In connection with the Registration Statement, the Company is filing this Current Report on Form 8-K for the purpose of including certain condensed consolidating financial information required by Rule 3-10 of Regulation S‑X. To provide this information, the Company is amending Item 8 of Part II (Financial Statements and Supplementary Data) of its Annual Report on Form 10-K for the year ended December 31, 2014 (the “2014 Form 10-K”) to include Note 22.

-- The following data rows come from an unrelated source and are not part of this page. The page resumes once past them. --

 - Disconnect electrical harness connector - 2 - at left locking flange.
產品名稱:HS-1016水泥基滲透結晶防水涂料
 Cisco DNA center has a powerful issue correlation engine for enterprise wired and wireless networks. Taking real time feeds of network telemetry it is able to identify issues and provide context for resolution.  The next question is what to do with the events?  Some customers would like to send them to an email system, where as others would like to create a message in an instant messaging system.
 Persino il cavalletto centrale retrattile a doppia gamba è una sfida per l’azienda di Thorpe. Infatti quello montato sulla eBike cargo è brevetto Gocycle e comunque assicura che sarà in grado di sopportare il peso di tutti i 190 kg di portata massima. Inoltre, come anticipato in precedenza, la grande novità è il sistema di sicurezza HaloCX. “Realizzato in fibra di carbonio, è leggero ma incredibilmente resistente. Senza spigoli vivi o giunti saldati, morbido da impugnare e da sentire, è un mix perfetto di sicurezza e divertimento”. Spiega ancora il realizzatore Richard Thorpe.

As this Current Report on Form 8-K is being filed only for the purpose described above, and only affects the Item specified above, the other information in the 2014 Form 10-K remains unchanged. No attempt has been made in this Current Report on Form 8-K to modify or update disclosures in the 2014 Form 10-K except as described above. This Current Report on Form 8-K does not reflect events occurring after the filing of the 2014 Form 10-K or modify or update any related disclosures. Information in the 2014 Form 10-K not affected by this Current Report on Form 8-K is unchanged and reflects the disclosures made at the time of the filings. Accordingly, this Current Report on Form 8-K should be read in conjunction with the 2014 Form 10-K and the Company’s other filings made with the SEC subsequent to the filings of the original reports.

 

Item 9.01.Financial Statements and Exhibits

 

(d)List of Exhibits

 

Exhibit No.

Description

23.1

Consent of Independent Registered Public Accounting Firm, KPMG LLP.

23.2

Consent of Independent Registered Public Accounting Firm, Ernst & Young LLP.

99.1

Item 8 of Part II to the Company’s Annual Report on Form 10-K for the year ended December 31, 2014, revised only to reflect certain condensed consolidating financial information of Subsidiary Guarantors and non-guarantors.

101

The following materials from TRI Pointe Homes, Inc.’s Annual Report on Form 10K for the year ended December 31, 2014, formatted in eXtensible Business Reporting Language (XBRL): (i) Consolidated Balance Sheets, (ii) Consolidated Statements of Operations, (iii) Consolidated Statements of Comprehensive Income, (iv) Consolidated Statement of Cash Flows, and (v) Condensed Notes to Consolidated Financial Statement.


 


 

SIGNATURE

 

Pursuant to the requirements of the Securities Exchange Act of 1934, as amended, the registrant has duly caused this report to be signed on its behalf by the undersigned hereunto duly authorized.

 

 

TRI Pointe Homes, Inc.

 

 

Date: April 15, 2015By: /s/ Bradley W. Blank___________________

Name: Bradley W. Blank

Title: Vice President, General Counsel and Secretary


 


 

Exhibit Index

 

 

Exhibit No.

Description

23.1

Consent of Independent Registered Public Accounting Firm, KPMG LLP.

23.2

Consent of Independent Registered Public Accounting Firm, Ernst & Young LLP.

99.1

Item 8 of Part II to the Company’s Annual Report on Form 10-K for the year ended December 31, 2014 revised only to reflect certain condensed consolidating financial information of Subsidiary Guarantors and non-guarantors.

101

The following materials from TRI Pointe Homes, Inc.’s Annual Report on Form 10K for the year ended December 31, 2014, formatted in eXtensible Business Reporting Language (XBRL): (i) Consolidated Balance Sheets, (ii) Consolidated Statements of Operations, (iii) Consolidated Statements of Comprehensive Income, (iv) Consolidated Statement of Cash Flows, and (v) Condensed Notes to Consolidated Financial Statement.